The comment to the “Char” production in XML specifications is best ignored. It is very confusing and even incorrect. The “Char” production simply refers to a set of Unicode code points (different sets in different versions of XML). The set includes code points that you should never use in character data, as well as code points that should be avoided for various reasons. But such rules are at a level different from the formal rules of XML and requirements on XML implementations.
When selecting or writing a routine for checking character data, it depends on the application and purpose what should be accepted and what should be done with code points that fail the test.
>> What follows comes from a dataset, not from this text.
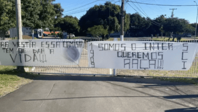 Torcedores do Inter fazem protestos com faixas no CT do Parque Gigante

Even surrogate code points might be processed in some way instead of being just discarded; they may well appear due to confusions with encodings (or e.g. when a Java string has been naively taken as a string of Unicode characters – it is as such just a sequence of 16-bit code units).
I would ignore the verbage and just focus on the definitions:
XML 1.0:
Char ::= #x9 | #xA | #xD | [#x20-#xD7FF] | [#xE000-#xFFFD] | [#x10000-#x10FFFF]
Document authors are encouraged to avoid "compatibility characters", as defined in section 2.3 of [Unicode]. The characters defined in the following ranges are also discouraged. They are either control characters or permanently undefined Unicode characters:
[#x7F-#x84], [#x86-#x9F], [#xFDD0-#xFDEF],
[#x1FFFE-#x1FFFF], [#x2FFFE-#x2FFFF], [#x3FFFE-#x3FFFF],
[#x4FFFE-#x4FFFF], [#x5FFFE-#x5FFFF], [#x6FFFE-#x6FFFF],
[#x7FFFE-#x7FFFF], [#x8FFFE-#x8FFFF], [#x9FFFE-#x9FFFF],
[#xAFFFE-#xAFFFF], [#xBFFFE-#xBFFFF], [#xCFFFE-#xCFFFF],
[#xDFFFE-#xDFFFF], [#xEFFFE-#xEFFFF], [#xFFFFE-#xFFFFF],
[#x10FFFE-#x10FFFF].
XML 1.1:
Char ::= [#x1-#xD7FF] | [#xE000-#xFFFD] | [#x10000-#x10FFFF]
RestrictedChar ::= [#x1-#x8] | [#xB-#xC] | [#xE-#x1F] | [#x7F-#x84] | [#x86-#x9F]
Document authors are encouraged to avoid "compatibility characters", as defined in Unicode [Unicode]. The characters defined in the following ranges are also discouraged. They are either control characters or permanently undefined Unicode characters:
[#x1-#x8], [#xB-#xC], [#xE-#x1F], [#x7F-#x84], [#x86-#x9F], [#xFDD0-#xFDDF],
[#x1FFFE-#x1FFFF], [#x2FFFE-#x2FFFF], [#x3FFFE-#x3FFFF],
[#x4FFFE-#x4FFFF], [#x5FFFE-#x5FFFF], [#x6FFFE-#x6FFFF],
[#x7FFFE-#x7FFFF], [#x8FFFE-#x8FFFF], [#x9FFFE-#x9FFFF],
[#xAFFFE-#xAFFFF], [#xBFFFE-#xBFFFF], [#xCFFFE-#xCFFFF],
[#xDFFFE-#xDFFFF], [#xEFFFE-#xEFFFF], [#xFFFFE-#xFFFFF],
[#x10FFFE-#x10FFFF].
It sounds stupid because it is stupid. The First Edition of XML (1998) read "the legal graphic characters of Unicode." For whatever reason, the word "graphic" was removed from the Second Edition of 2000, perhaps because it is inaccurate: XML allows many characters that are not graphic characters.
The definition in the Char production is indeed the right place to look.